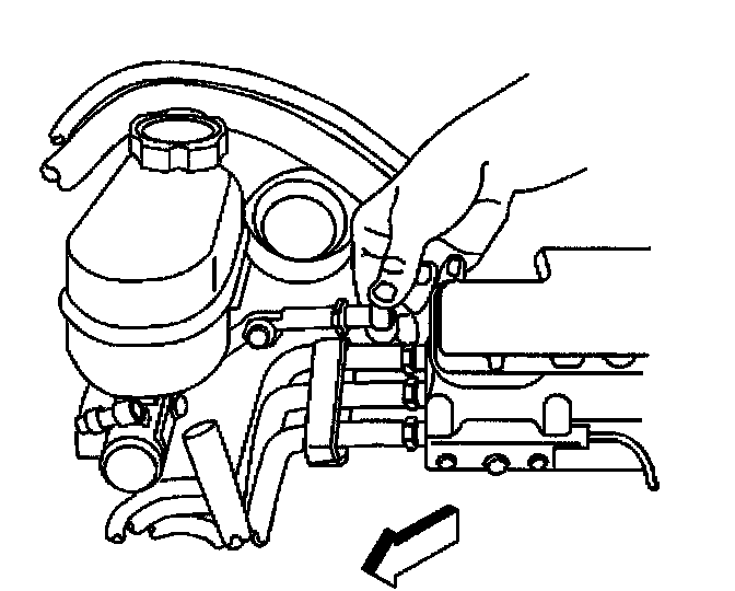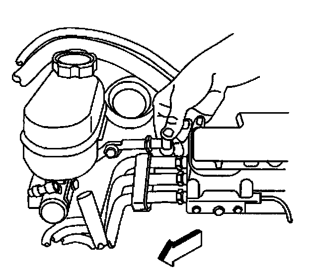 2. Remove the fluid level sensor (1). Use a needle nose pliers in order to compress the locking tabs at the opposite side of the master cylinder.
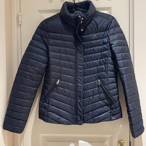 Gant dunjakke i mørkeblå med navy logo-print samt logo på venstre skulder. Str. L. Kan strammes ind i bunden. Har to yderlommer og en inderlomme. Virkelig flot og sælges kun, da den desværre er for stor til mig. Brugt meget få gange, helt som ny. 100% polyester. 90% dun, 10% fjer. Style: D2. Jacquard Gant Word Down Jacket. Farve: Evening blue. Nypris: 3800kr
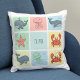 This adorable ocean-themed personalised throw pillow features doodles of sketched whales, jellyfish, starfish, and crabs! These playful designs showcase soft, rounded lines and cheerful expressions, set against pastel-coloured backgrounds like mint green, baby pink, powder blue, and pale yellow.
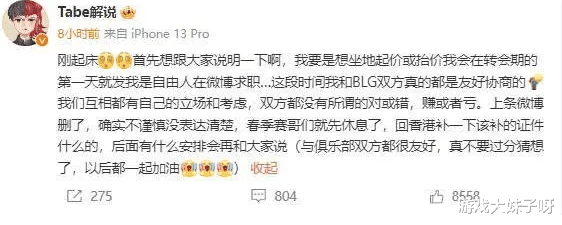 直到后来BLG管理层在粉丝群公开回应,直言Tabe在“坐地起价”,利用队伍已经拒绝其他教练、手上存在空缺的时机向俱乐部提额外要求,BLG的说法虽然没有官方声明的正式,但在圈内却引起大量震荡,面对指责,Tabe删除相关微博,并解释只是“立场不同,不存在对错”,然而,一旦风声传出,就很难再完全抚平质疑。
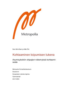Asukkaiden ja ohjaajien välinen vuorovaikutussuhde on tärkeä osa mielenterveyskuntoutujien toipumisprosessia. Opinnäytetyön tuottaa tietoa siitä, miten hyvällä kohtaamisella voidaan tukea mielenterveyskuntoutujien toipumista asumisyksikön ohjaajien näkökulmasta. Tavoitteena oli tuoda esiin työntekijöiden näkemyksiä ja kokemuksia asiakkaiden kohtaamisesta ja auttaa opinnäytetyön yhteistyökumppania kehittämään toimintaansa. Opinnäytetyön yhteistyökumppani on yksityisen sektorin mielenterveyskuntoutujien asumisyksikkö pääkaupunkiseudulla. Idea opinnäytetyön aiheeseen muodostui toisen opinnäytetyöntekijän ollessa työsuhteessa yhteistyökumppanilla.
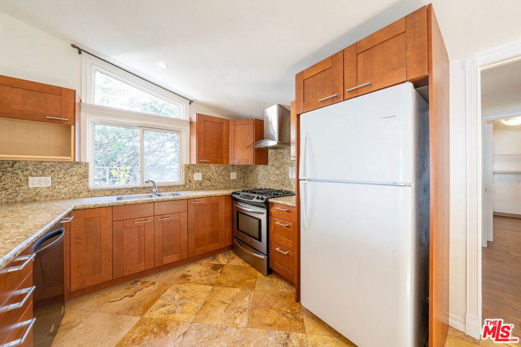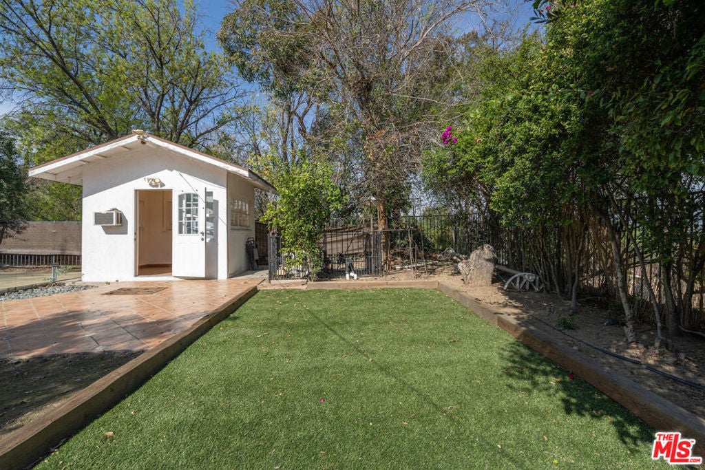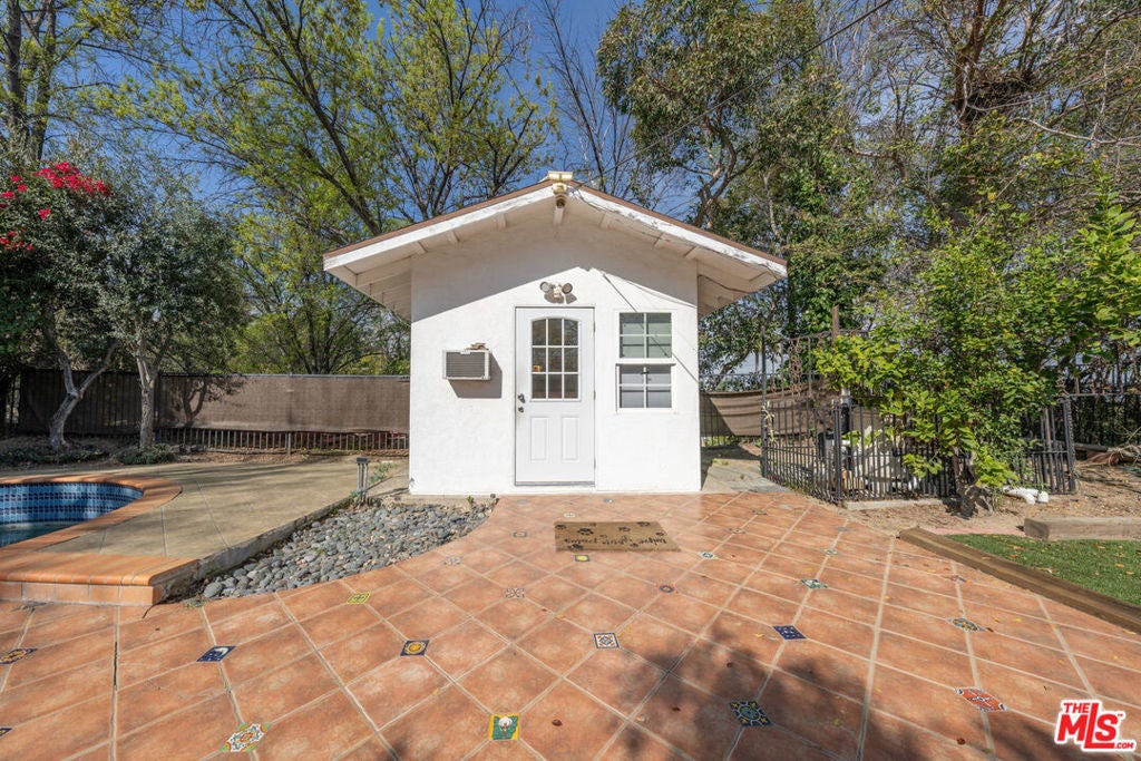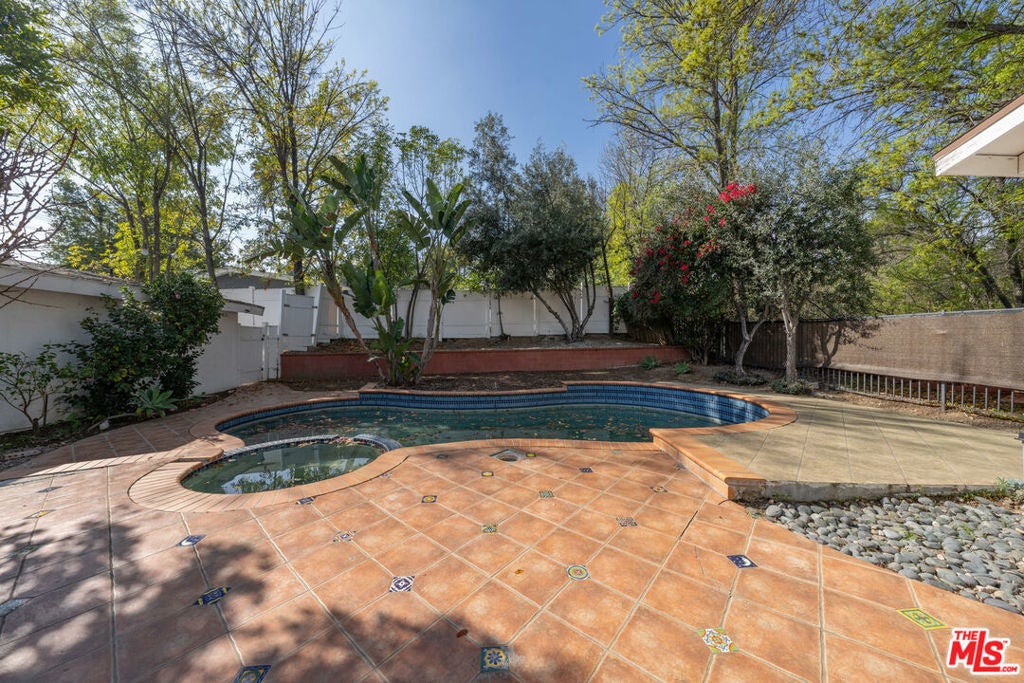 Short/Mid term (3-6 mon.) lease available! This beautiful single story pool home is nestled in one of the desired areas of Woodland Hills. Only a mile away from Kaiser, less than a mile away from Taft High school. It has 3 bedrooms and 3 bathrooms. The floor plan flows from the kitchen, dining area and living room to the backyard where the pool and spa, grass area, and the detached entertainment room is located. The master bedroom is separated from the other two bedrooms. The laundry area, located right by the side alley is equipped with stackable washer & dryer, sink, shelvings and storage space. The house is on central AC & heat. From the front yard, you can enjoy a peek-a-boo view of the valley. The driveway provide ample parking space. Pool maintenance and gardening is included. Refrigerator in the photo is excluded from the lease.
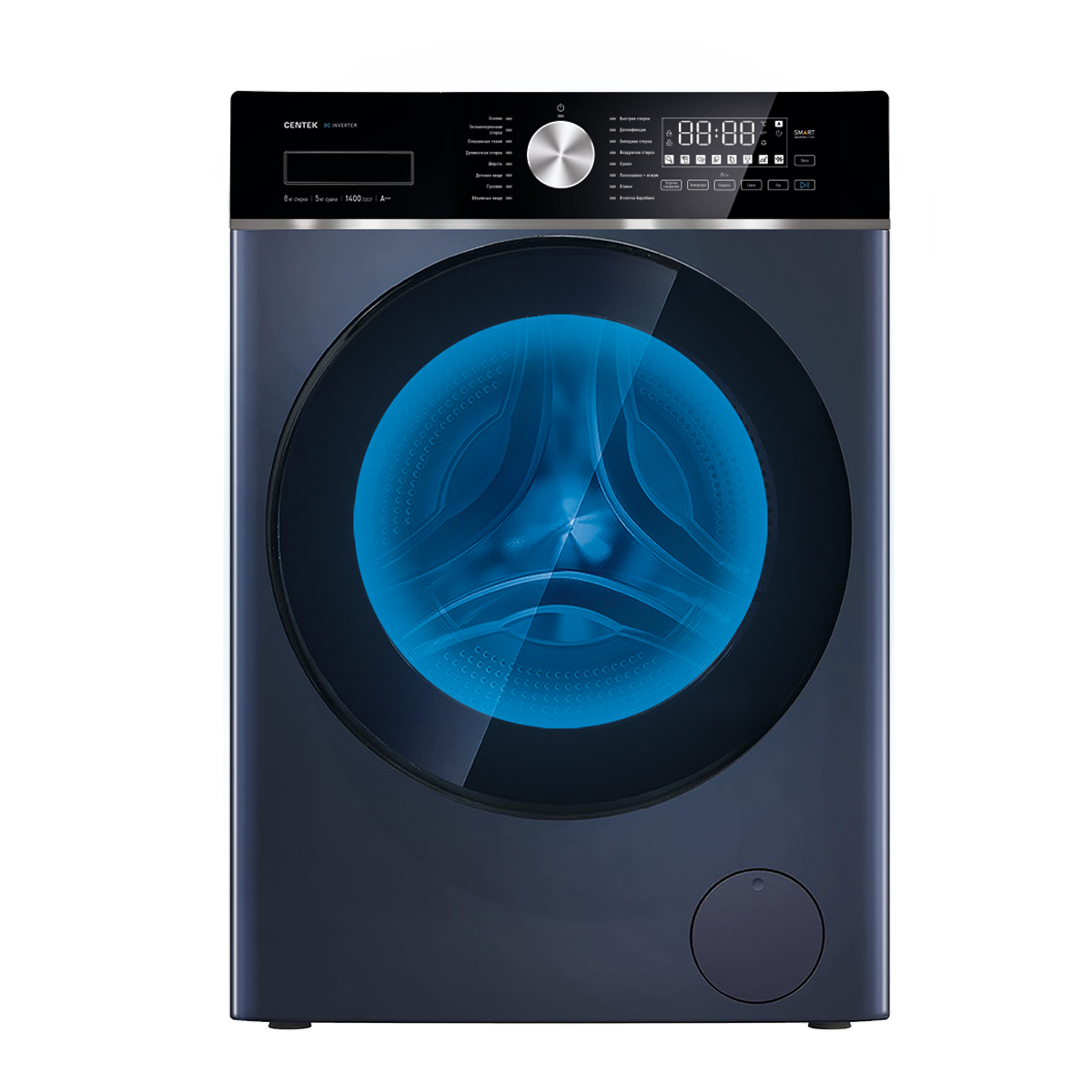 Стирально-сушильная машина Centek CT-1956 оснащена сенсорным дисплеем и поворотным регулятором. Подсветка барабана повышает комфорт загрузки и извлечения вещей. Функция дозагрузки делает возможной добавление забытой вещи после включения программы. Система баланса определяет неравномерность распределения белья в барабане. Инверторный двигатель обеспечивает тихую стабильную работу и энергоэффективность класса А+++.

## Work task
Print every record above exactly, with no pictures.

## Output of the exercise
 2. Remove the fluid level sensor (1). Use a needle nose pliers in order to compress the locking tabs at the opposite side of the master cylinder.
 Gant dunjakke i mørkeblå med navy logo-print samt logo på venstre skulder. Str. L. Kan strammes ind i bunden. Har to yderlommer og en inderlomme. Virkelig flot og sælges kun, da den desværre er for stor til mig. Brugt meget få gange, helt som ny. 100% polyester. 90% dun, 10% fjer. Style: D2. Jacquard Gant Word Down Jacket. Farve: Evening blue. Nypris: 3800kr
 This adorable ocean-themed personalised throw pillow features doodles of sketched whales, jellyfish, starfish, and crabs! These playful designs showcase soft, rounded lines and cheerful expressions, set against pastel-coloured backgrounds like mint green, baby pink, powder blue, and pale yellow.
 直到后来BLG管理层在粉丝群公开回应,直言Tabe在“坐地起价”,利用队伍已经拒绝其他教练、手上存在空缺的时机向俱乐部提额外要求,BLG的说法虽然没有官方声明的正式,但在圈内却引起大量震荡,面对指责,Tabe删除相关微博,并解释只是“立场不同,不存在对错”,然而,一旦风声传出,就很难再完全抚平质疑。
Asukkaiden ja ohjaajien välinen vuorovaikutussuhde on tärkeä osa mielenterveyskuntoutujien toipumisprosessia. Opinnäytetyön tuottaa tietoa siitä, miten hyvällä kohtaamisella voidaan tukea mielenterveyskuntoutujien toipumista asumisyksikön ohjaajien näkökulmasta. Tavoitteena oli tuoda esiin työntekijöiden näkemyksiä ja kokemuksia asiakkaiden kohtaamisesta ja auttaa opinnäytetyön yhteistyökumppania kehittämään toimintaansa. Opinnäytetyön yhteistyökumppani on yksityisen sektorin mielenterveyskuntoutujien asumisyksikkö pääkaupunkiseudulla. Idea opinnäytetyön aiheeseen muodostui toisen opinnäytetyöntekijän ollessa työsuhteessa yhteistyökumppanilla.
 Short/Mid term (3-6 mon.) lease available! This beautiful single story pool home is nestled in one of the desired areas of Woodland Hills. Only a mile away from Kaiser, less than a mile away from Taft High school. It has 3 bedrooms and 3 bathrooms. The floor plan flows from the kitchen, dining area and living room to the backyard where the pool and spa, grass area, and the detached entertainment room is located. The master bedroom is separated from the other two bedrooms. The laundry area, located right by the side alley is equipped with stackable washer & dryer, sink, shelvings and storage space. The house is on central AC & heat. From the front yard, you can enjoy a peek-a-boo view of the valley. The driveway provide ample parking space. Pool maintenance and gardening is included. Refrigerator in the photo is excluded from the lease.
 Стирально-сушильная машина Centek CT-1956 оснащена сенсорным дисплеем и поворотным регулятором. Подсветка барабана повышает комфорт загрузки и извлечения вещей. Функция дозагрузки делает возможной добавление забытой вещи после включения программы. Система баланса определяет неравномерность распределения белья в барабане. Инверторный двигатель обеспечивает тихую стабильную работу и энергоэффективность класса А+++.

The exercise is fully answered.